REQUIREMENT: Please copy the listing that follows exactly, leaving out any pictures.

DATA BLOCK Start Marker

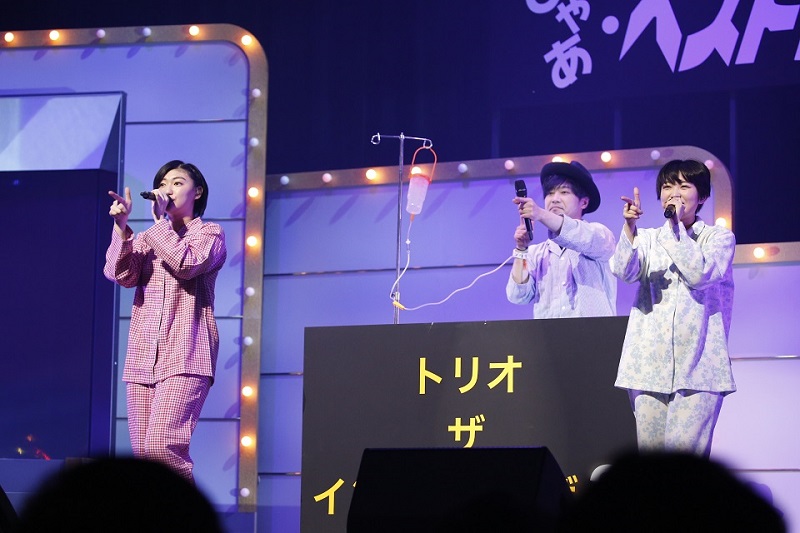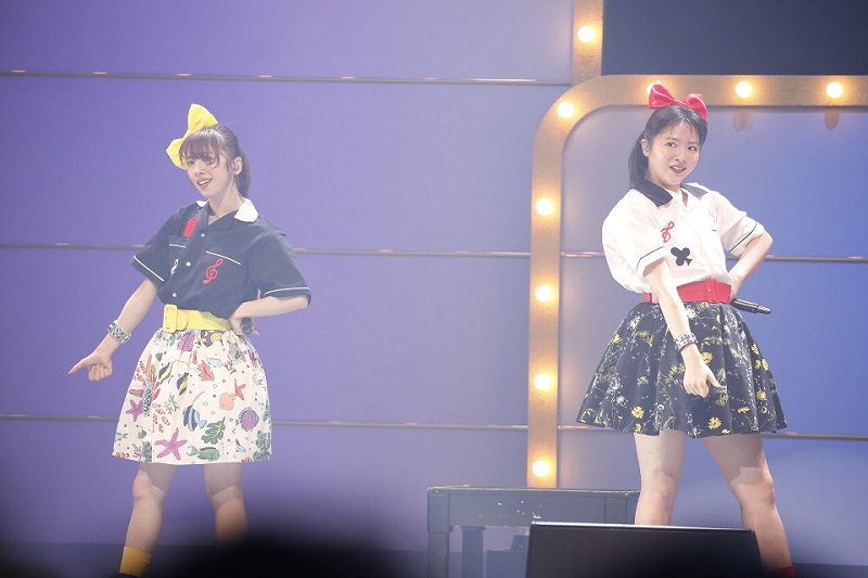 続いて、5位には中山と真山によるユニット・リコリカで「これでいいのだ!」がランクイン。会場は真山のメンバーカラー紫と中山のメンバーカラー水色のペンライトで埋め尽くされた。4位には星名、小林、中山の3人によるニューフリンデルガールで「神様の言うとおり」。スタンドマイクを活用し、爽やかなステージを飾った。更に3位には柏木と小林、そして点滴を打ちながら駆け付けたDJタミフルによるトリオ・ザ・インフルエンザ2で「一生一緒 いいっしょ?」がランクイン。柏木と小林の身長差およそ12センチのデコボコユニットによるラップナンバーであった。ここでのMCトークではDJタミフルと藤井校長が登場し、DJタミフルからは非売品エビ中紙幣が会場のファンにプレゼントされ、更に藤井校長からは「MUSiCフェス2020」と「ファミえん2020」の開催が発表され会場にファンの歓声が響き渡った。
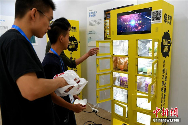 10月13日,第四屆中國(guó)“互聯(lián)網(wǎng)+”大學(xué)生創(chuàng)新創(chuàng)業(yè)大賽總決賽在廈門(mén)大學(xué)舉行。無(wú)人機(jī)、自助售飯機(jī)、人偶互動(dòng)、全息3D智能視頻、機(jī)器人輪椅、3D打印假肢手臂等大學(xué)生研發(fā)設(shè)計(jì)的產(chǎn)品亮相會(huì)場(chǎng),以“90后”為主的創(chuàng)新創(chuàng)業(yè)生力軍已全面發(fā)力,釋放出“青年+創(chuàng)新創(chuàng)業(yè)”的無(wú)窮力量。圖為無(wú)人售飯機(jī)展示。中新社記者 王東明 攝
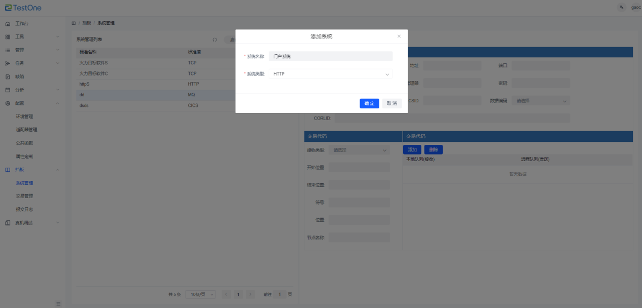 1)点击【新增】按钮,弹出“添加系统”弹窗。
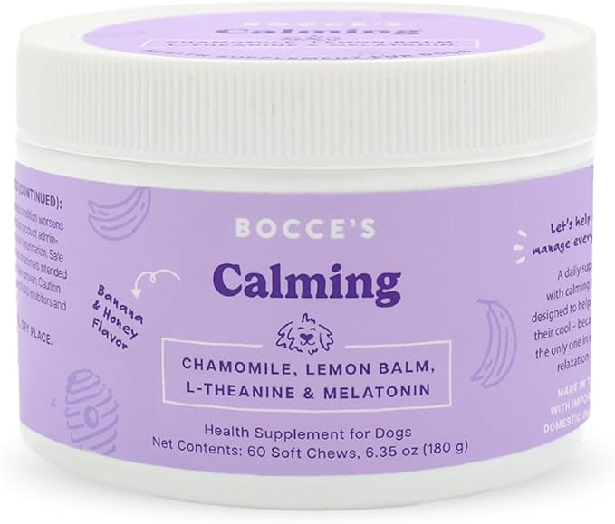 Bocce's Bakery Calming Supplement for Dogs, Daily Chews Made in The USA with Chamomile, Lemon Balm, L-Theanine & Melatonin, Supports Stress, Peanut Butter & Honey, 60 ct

DATA BLOCK End Marker

EXERCISE ANSWER:
 続いて、5位には中山と真山によるユニット・リコリカで「これでいいのだ!」がランクイン。会場は真山のメンバーカラー紫と中山のメンバーカラー水色のペンライトで埋め尽くされた。4位には星名、小林、中山の3人によるニューフリンデルガールで「神様の言うとおり」。スタンドマイクを活用し、爽やかなステージを飾った。更に3位には柏木と小林、そして点滴を打ちながら駆け付けたDJタミフルによるトリオ・ザ・インフルエンザ2で「一生一緒 いいっしょ?」がランクイン。柏木と小林の身長差およそ12センチのデコボコユニットによるラップナンバーであった。ここでのMCトークではDJタミフルと藤井校長が登場し、DJタミフルからは非売品エビ中紙幣が会場のファンにプレゼントされ、更に藤井校長からは「MUSiCフェス2020」と「ファミえん2020」の開催が発表され会場にファンの歓声が響き渡った。
 10月13日,第四屆中國(guó)“互聯(lián)網(wǎng)+”大學(xué)生創(chuàng)新創(chuàng)業(yè)大賽總決賽在廈門(mén)大學(xué)舉行。無(wú)人機(jī)、自助售飯機(jī)、人偶互動(dòng)、全息3D智能視頻、機(jī)器人輪椅、3D打印假肢手臂等大學(xué)生研發(fā)設(shè)計(jì)的產(chǎn)品亮相會(huì)場(chǎng),以“90后”為主的創(chuàng)新創(chuàng)業(yè)生力軍已全面發(fā)力,釋放出“青年+創(chuàng)新創(chuàng)業(yè)”的無(wú)窮力量。圖為無(wú)人售飯機(jī)展示。中新社記者 王東明 攝
 1)点击【新增】按钮,弹出“添加系统”弹窗。
 Bocce's Bakery Calming Supplement for Dogs, Daily Chews Made in The USA with Chamomile, Lemon Balm, L-Theanine & Melatonin, Supports Stress, Peanut Butter & Honey, 60 ct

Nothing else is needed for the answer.